ESPEI has a single input style in JSON format that is used for all data entry. Single-phase and multi-phase input files are almost identical, but detailed descriptions and key differences can be found in the following sections. For those unfamiliar with JSON, it is fairly similar to Python dictionaries with some rigid requirements

• All string quotes must be double quotes. Use "key" instead of 'key'.
• Numbers should not have leading zeros. 00.123 should be 0.123 and 012.34 must be 12.34.
• Lists and nested key-value pairs cannot have trailing commas. {"nums": [1,2,3,],} is invalid and should be {"nums": [1,2,3]}.

These errors can be challenging to track down, particularly if you are only reading the JSON error messages in Python. A visual editor is encouraged for debugging JSON files such as JSONLint. A quick reference to the format can be found at Learn JSON in Y minutes.

ESPEI has support for checking all of your input datasets for errors, which you should always use before you attempt to run ESPEI. This error checking will report all of the errors at once and all errors should be fixed. Errors in the datasets will prevent fitting. To check the datasets at path my-input-data/ you can run espei --check-datasets my-input-data.

## Phase Descriptions¶

The JSON file for describing CALPHAD phases is conceptually similar to a setup file in Thermo-Calc’s PARROT module. At the top of the file there is the refdata key that describes which reference state you would like to choose. Currently the reference states are strings referring to dictionaries in pycalphad.refdata only "SGTE91" is implemented.

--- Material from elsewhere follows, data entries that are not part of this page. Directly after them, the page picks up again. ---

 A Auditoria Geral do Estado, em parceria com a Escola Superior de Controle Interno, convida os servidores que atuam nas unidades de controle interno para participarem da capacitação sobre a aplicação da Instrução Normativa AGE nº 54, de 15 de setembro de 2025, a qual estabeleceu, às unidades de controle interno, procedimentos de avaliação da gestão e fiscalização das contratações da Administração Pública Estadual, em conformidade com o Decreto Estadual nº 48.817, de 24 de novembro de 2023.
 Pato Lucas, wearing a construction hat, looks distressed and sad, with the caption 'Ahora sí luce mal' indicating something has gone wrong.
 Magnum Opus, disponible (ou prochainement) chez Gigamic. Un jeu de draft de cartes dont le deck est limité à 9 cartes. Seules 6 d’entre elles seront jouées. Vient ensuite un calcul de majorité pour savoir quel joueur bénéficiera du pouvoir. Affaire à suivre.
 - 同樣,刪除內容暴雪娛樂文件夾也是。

Each phase is described with the phase name as they key in the dictionary of phases. The details of that phase is a dictionary of values for that key. There are 4 possible entries to describe a phase: sublattice_model, sublattice_site_ratios, equivalent_sublattices, and aliases. sublattice_model is a list of lists, where each internal list contains all of the components in that sublattice. The BCC_B2 sublattice model is [["AL", "NI", "VA"], ["AL", "NI", "VA"], ["VA"]], thus there are three sublattices where the first two have Al, Ni, and vacancies. sublattice_site_ratios should be of the same length as the sublattice model (e.g. 3 for BCC_B2). The sublattice site ratios can be fractional or integers and do not have to sum to unity.

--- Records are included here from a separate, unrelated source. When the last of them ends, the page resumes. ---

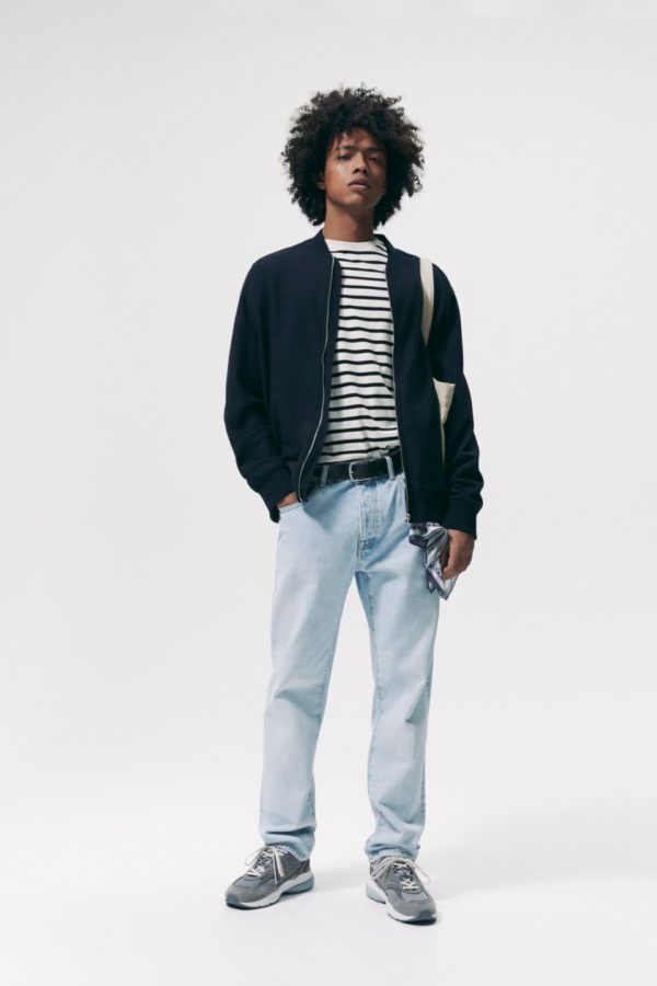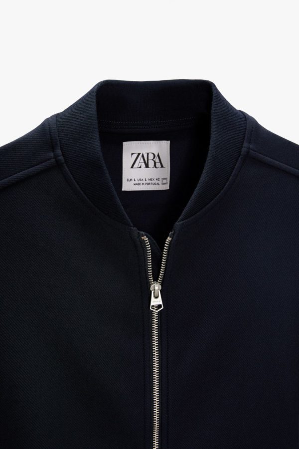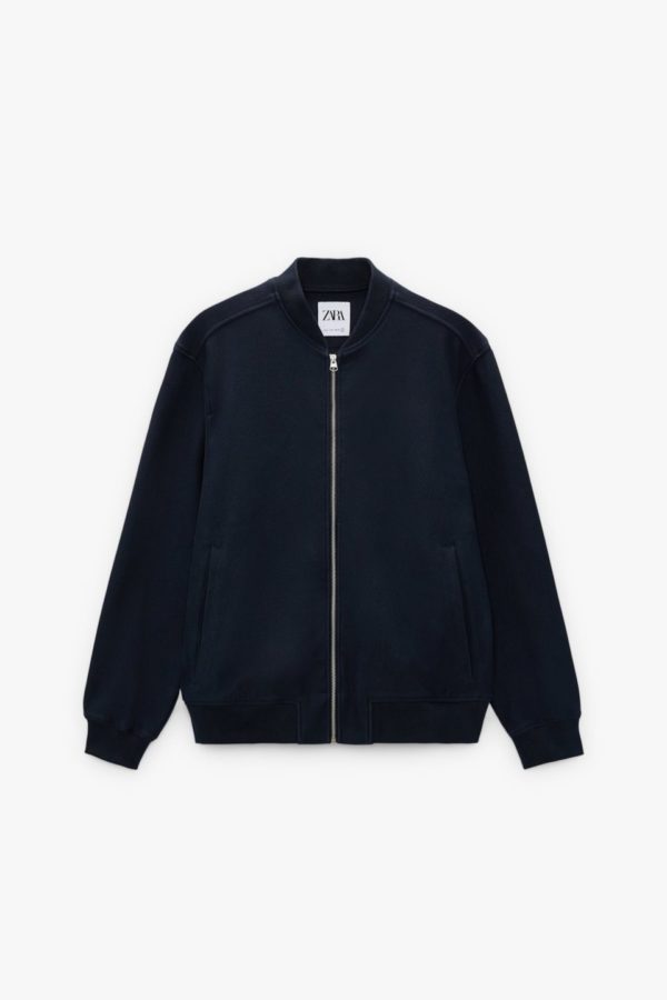 ZARA TEXTURED BOMBER JACKET – NAVY
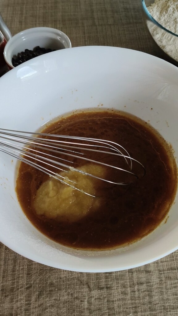 Ajouter la compote de pomme et mélanger pour amalgamer.
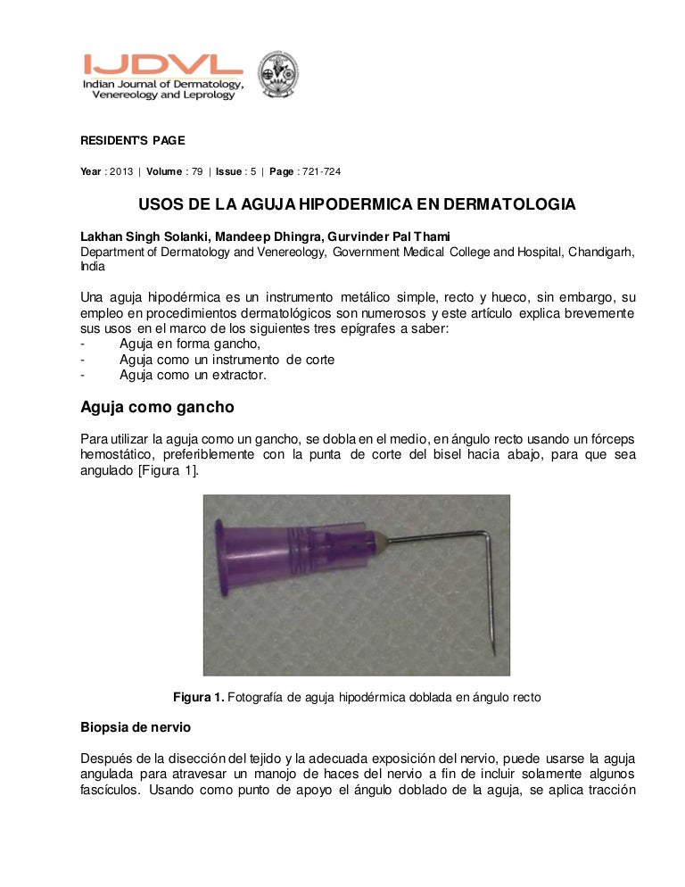 Usos De La Aguja Hipodermica En Dermatologia
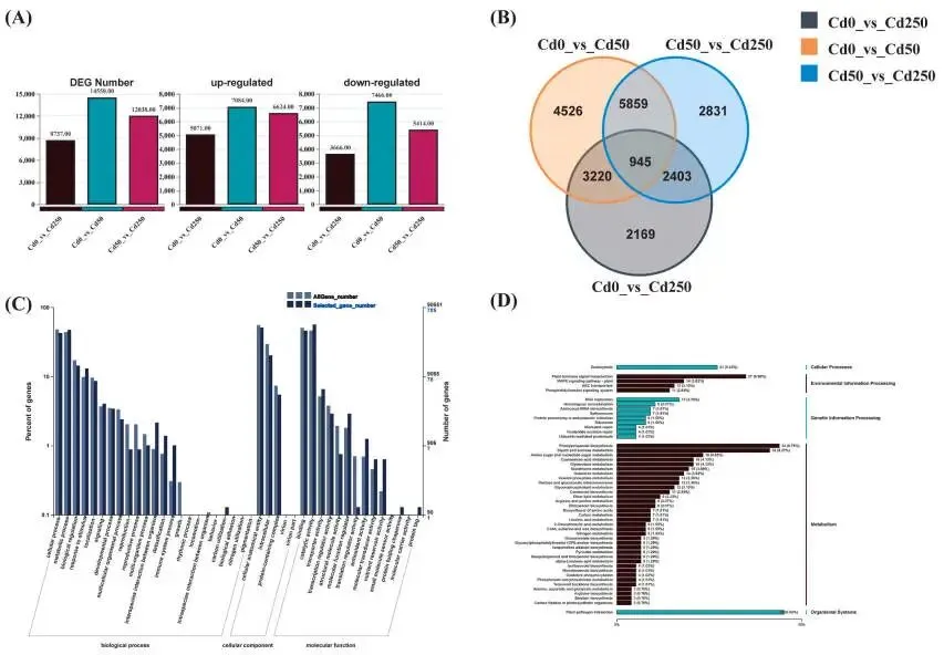 图2. 不同Cd处理下差异表达基因(DEGs)的分析。 (A) 展示Cd0_vs_Cd50、Cd50_vs_Cd250和Cd0_vs_Cd250三个比较组中上调和下调DEG数量的柱状图。(B) 三个比较组中DEG的韦恩图。(C) Cd胁迫响应性DEGs的GO功能分类。基因分布于生物学过程、分子功能和细胞组分三大GO类别中。(D) 来自Cd0_vs_Cd50_vs_Cd250比较组的DEGs的KEGG通路富集分析。图中显示了富集到每个通路的基因数量和富集率(百分比)。
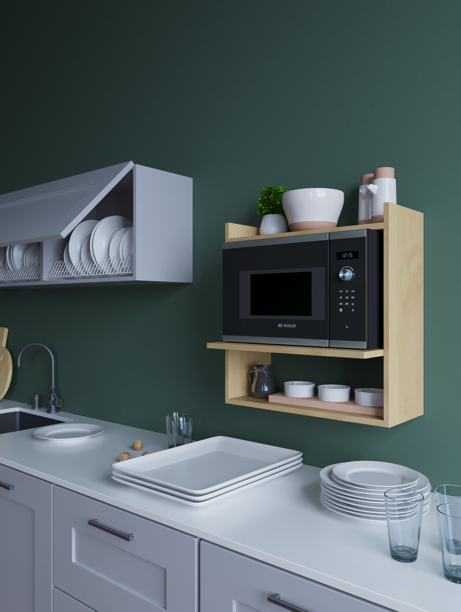 Полка кухонная под микроволновку навесная, ЛДСП, белая шагрень 2 479 ₽

The optional equivalent_sublattices key is a list of lists that describe which sublattices are symmetrically equivalent. Each sub-list in equivalent_sublattices describes the indices (zero-indexed) of sublattices that are equivalent. For BCC_B2 the equivalent sublattices are [[0, 1]], meaning that the sublattice at index 0 and index 1 are equivalent. There can be multiple different sets (multiple sub-lists) of equivalent sublattices and there can be many equivalent sublattices within a sublattice (see FCC_L12). If no equivalent_sublattice key exists, it is assumed that there are none.a

Finally, the aliases key is used to refer to other phases that this sublattice model can describe when symmetry is accounted for. Aliases are used here to describe the BCC_A2 and FCC_A1, which are the disordered phases of BCC_B2 and FCC_L12, respectively. Notice that the aliased phases are not otherwise described in the input file. Multiple phases can exist with aliases to the same phase, e.g. FCC_L12 and FCC_L10 can both have FCC_A1 as an alias.

{
"refdata": "SGTE91",
"components": ["AL", "NI", "VA"],
"phases": {
"LIQUID" : {
"sublattice_model": [["AL", "NI"]],
"sublattice_site_ratios": [1]
},
"BCC_B2": {
"aliases": ["BCC_A2"],
"sublattice_model": [["AL", "NI", "VA"], ["AL", "NI", "VA"], ["VA"]],
"sublattice_site_ratios": [0.5, 0.5, 1],
"equivalent_sublattices": [[0, 1]]
},
"FCC_L12": {
"aliases": ["FCC_A1"],
"sublattice_model": [["AL", "NI"], ["AL", "NI"], ["AL", "NI"], ["AL", "NI"], ["VA"]],
"sublattice_site_ratios": [0.25, 0.25, 0.25, 0.25, 1],
"equivalent_sublattices": [[0, 1, 2, 3]]
},
"AL3NI1": {
"sublattice_site_ratios": [0.75, 0.25],
"sublattice_model": [["AL"], ["NI"]]
},
"AL3NI2": {
"sublattice_site_ratios": [3, 2, 1],
"sublattice_model": [["AL"], ["AL", "NI"], ["NI", "VA"]]
},
"AL3NI5": {
"sublattice_site_ratios": [0.375, 0.625],
"sublattice_model": [["AL"], ["NI"]]
}
}
}


## Single-phase Data¶

Two example of ESPEI input file for single-phase data follow. The first dataset has some data for the formation heat capacity for BCC_B2.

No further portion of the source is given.